You need a shift register such as 74HC164. Hold D high and apply signal to clock.

 

? likely the most painless way is to use https://cdn-shop.adafruit.com/datasheets/WS2812B.pdf
.

 

All you need s a 6 pin micro and 1m WS2812B led strip.

@Audioguru again: I have 30 m of WS2815B LED strips (1800 rgb leds) in my ballroom and I haven’t gone blind yet. With all of them on bright white, it lights the room at a moderate brightness.

Bob

 

Below is the LTspice simulation of a partial sequential circuit using 74HC164 shift-registers, which will do 8 LEDs per register.
Only two of the 7 registers to do 56 LEDs are shown.
A low MR signal resets all the outputs to zero until MR goes high to restart the sequence.

Each output can drive about 4mA of LED current.
More than that will require a driver transistor at the outputs for each LED.

 

Thank you to all, it seems that shift registers are the solution.

 

Sure 10 chips is always s better than one , even when the 1 chip can down so much more than the 10.

Bob

 

Sure 10 chips is always s better than one , even when the 1 chip can down so much more than the 10.

Nothing like a little sarcasm to brighten ones day.

 

My only criticism of using addressable LEDs would be the limited spacing between the LEDs if strips are used and the huge amount of work if not using strips to create other layout options.

Using the shift registers allows using a much more varied type of LED and layout configurations.

But if all you need to do is light up one LED at a time in a straight line with little concern with the spacing, then addressable LED strips are the way to go.

I'm always amused by the less chips is better option, when there are many other considerations.

 

If these are to be spaced widely, the wiring is horrendous for 60 individual LEDs. The strips requite only 3 wires.

And, as far as spacing goes, WS2812Bs also come on tiny individual boards that you daisy chain with 3 wires.

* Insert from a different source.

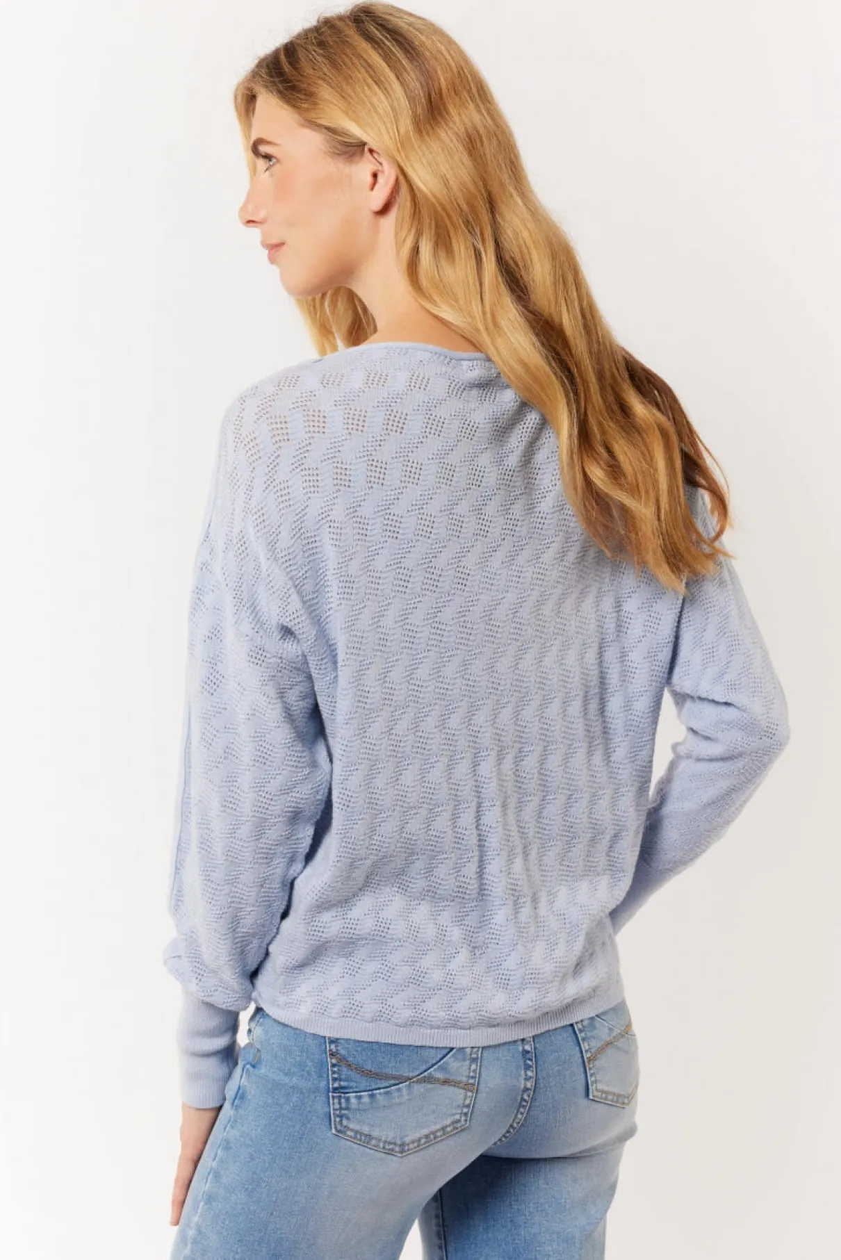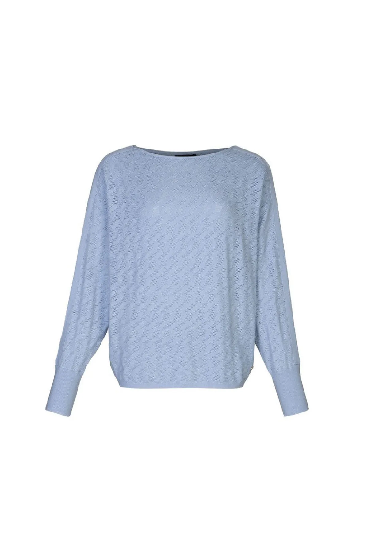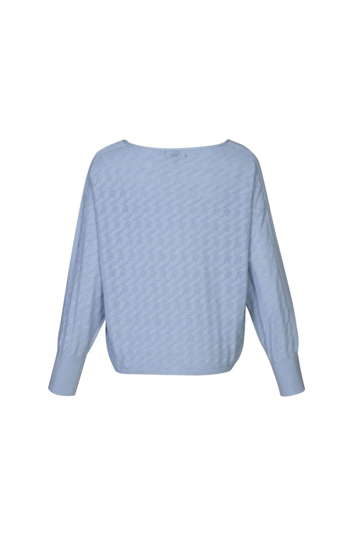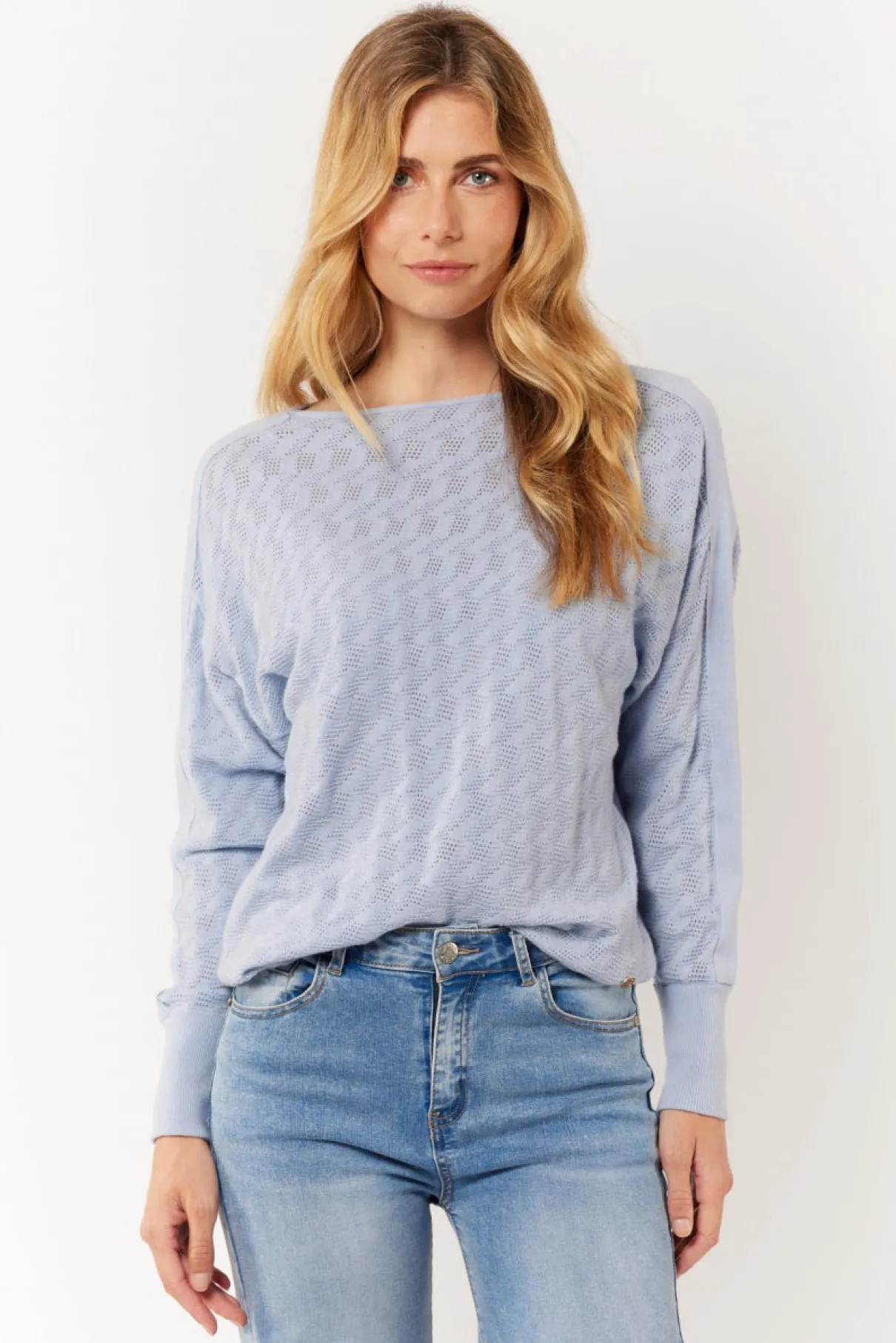Something new, something blue. Lichtblauw is een frisse wind door de najaarsgarderobe. De fijne Alison trui heeft een losvallend model met een chique boothals, een gebreid motief en een streepdetail op de mouwen.

That is how the lights on my wife’s dress in my avatar picture are wired.

Bob

 

Sure 10 chips is always s better than one , even when the 1 chip can down so much more than the 10.

Bob

Well… to be more accurate (though not to disagree) number of LEDS + 1 chips using a serial bus, since each LED has it’s own on-board IC.

Also, as @BobTPH says it would be much better to either cut up a WS8212B strip (which is relatively trivial), or to use the readily available single LED breakout boards which a dirt cheap in 100 quantities, than to try to wire up 60 LEDs individually. I am not even sure how you’d practically manage that if the LEDs are spread over even a modest area, but if they are distant (on the order of meters) it is even more fraught.

 

I am not even sure how you’d practically manage that if the LEDs are spread over even a modest area,

It is only 1/8th as bad as it might seem at first. If each SR is on its own small board and drives the 8 LEDs nearest it, those are home runs back to the nearest SR board, not all the way back to the power source. If there is no need for the Reset signal when the system is up and running, then each SR board has a local R-C power-on reset. That leaves only four wires that run between SR boards. Three of them are in parallel (common to all boards) - Vcc, GND, Clk; the enable signal input is daisy-chained from the previous SR board, and the enable output to the next board is driven by Q7.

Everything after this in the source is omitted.